All serum samples were assessed using PRV gI Ab test kits (IDEXX Laboratories, USA) according to the manufacturer's protocol. For testing, a diluted sample (100 μL; 1:2) was added to the ELISA plate and incubated for 60 min at 18°C–26°C. The plate was then washed 4 times with 300 μL of wash solution, after which 100 μL of the conjugate was added, and the mixture was incubated for 20 min at 18°C–26°C followed by washing as described above. Then, 100 μL of the substrate was added, and the mixture incubated for 15 min at 18°C–26°C. After incubation, 50 μL of stop solution was added to each well, and the plate was immediately read at 650 nm. The reaction result was read as an optical density (OD) by using an ELISA plate reader (BioTek Instruments Inc., USA). Sample to negative (S/N) ratios were calculated from the ODs according to the kit manufacturer's formula. Cut-off S/N values ≤ 0.6 or ≥ 0.7 were used to classify samples as positive or negative, respectively, for PRV gI antibody presence. It should be noted that the PRV-suspected sample in this study was recognized as a PRV-positive sample when the antibody positive rate was calculated. Additionally, the gilts sampled in May 2015 were different gilts from those sampled in July 2015.

The detection of PRV gE gene by real-time polymerase chain reaction (PCR)

The brain was ground with liquid nitrogen to powder and diluted with five volumes of PBS. The 1 mL homogenate was centrifuged at 3,000 × g for 10 min at 4°C, and the supernatant was transferred to another 1.5 mL tube. The DNA extraction was performed with a commercial TIANamp Stool DNA Kit (Tiangen Biotech Co., Ltd, China) according to the manufacturer’s instructions. All DNA extracts were stored at −40°C until assayed by real-time PCR.

The PRV gE gene was detected by using a PRV gE real-time PCR diagnostic kit (Beijing Anheal Laboratories Co., Ltd, China). The amplification reaction was conducted in a 20 μL reaction volume containing 10 μL of PCR master mix, 2.1 μL primers and probe mix, 2 μL of DNA extract, and 5.9 μL of nuclease-free water. The real-time PCR was performed under the following conditions: 95°C for 2 min, and 40 cycles of 95°C for 5 sec and 60°C for 35 sec using an Applied Biosystems ABI 7500 real-time PCR system (Thermo Fisher Scientific, USA). Analysis of the results was carried out using ABI 7500 software, version 2.3. A sample with a Ct value ≤ 35 in the gE real-time PCR assay result was considered positive.

Statistical analysis

All statistical analyses were performed using GraphPad Prism® 7.00 software (GraphPad Software, Inc., USA). Descriptive statistics were used to define the pattern of the PRV gI antibody detection in serum. The S/N ratio data are presented as mean ± SD.

RESULTS

Detection and analysis of PRV gI antibody in May 2015

The May 2015 PRV gI antibody results are shown in Fig. 1. The S/N values for the PRV gI antibody from the different groups of pigs were all above the suggested cut-off, so there were no PRV-positive individuals among the sampled pigs. The results indicated that this pig farm was free of PR.

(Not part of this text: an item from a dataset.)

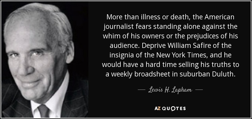 More than illness or death, the American journalist fears standing alone against the whim of his owners or the prejudices of his audience. Deprive William Safire of the insignia of the New York Times, and he would have a hard time selling his truths to a weekly broadsheet in suburban Duluth.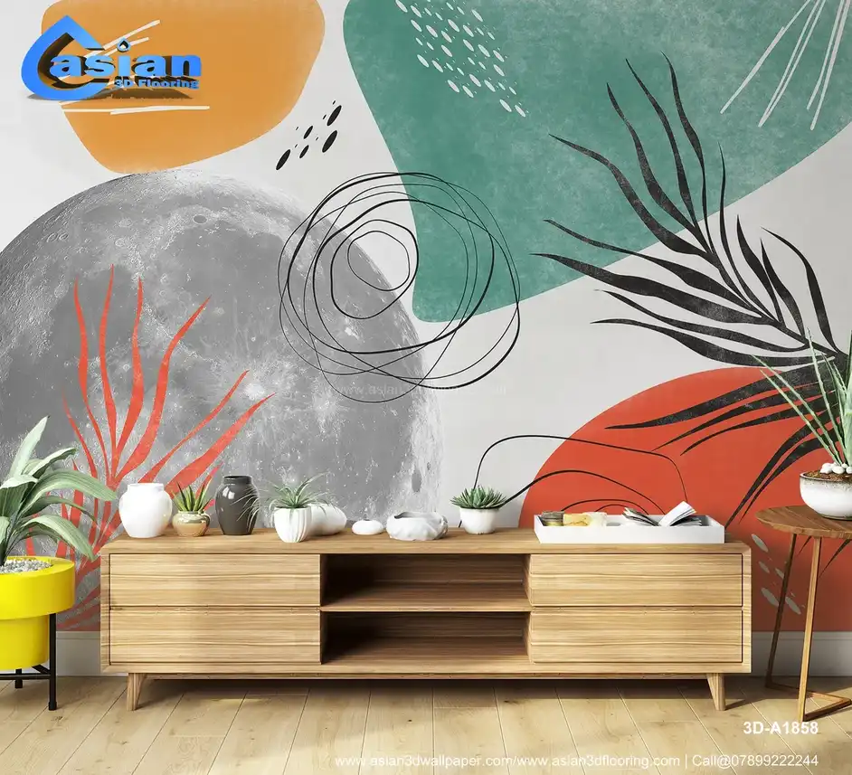 Abstract Minimalist Moon Wallpaper ? Modern Geometric Design||3D-A1858

Detection and analysis of PRV gI antibody and PRV gE gene in July 2015

In July 2015, suckled piglets manifested vomiting, diarrhea, and nervous system disorders, and weaned piglets manifested fever, lethargy, and anorexia. Based on those observations, PR was the first suspected disease. Subsequently, serum and brain samples were collected to determine PRV gI antibody and gE gene presence. The results of the serological and etiological test are respectively given in Figs. 2 and 3. The serological results indicated that only the gilts' PRV gI antibody was positive, and the PRV gI antibody results were negative from all other pig samples. The etiological results indicated that the PRV gE gene was positive in 9 piglets, and their Ct values were all less than 30. The serological and etiological results indicated a PR outbreak at this pig farm, with the infectious source probably being the introduced gilts. Notably, the brain sample PRV gE gene results were mostly positive, but the serum PRV gI antibody results from the same piglets were all negative.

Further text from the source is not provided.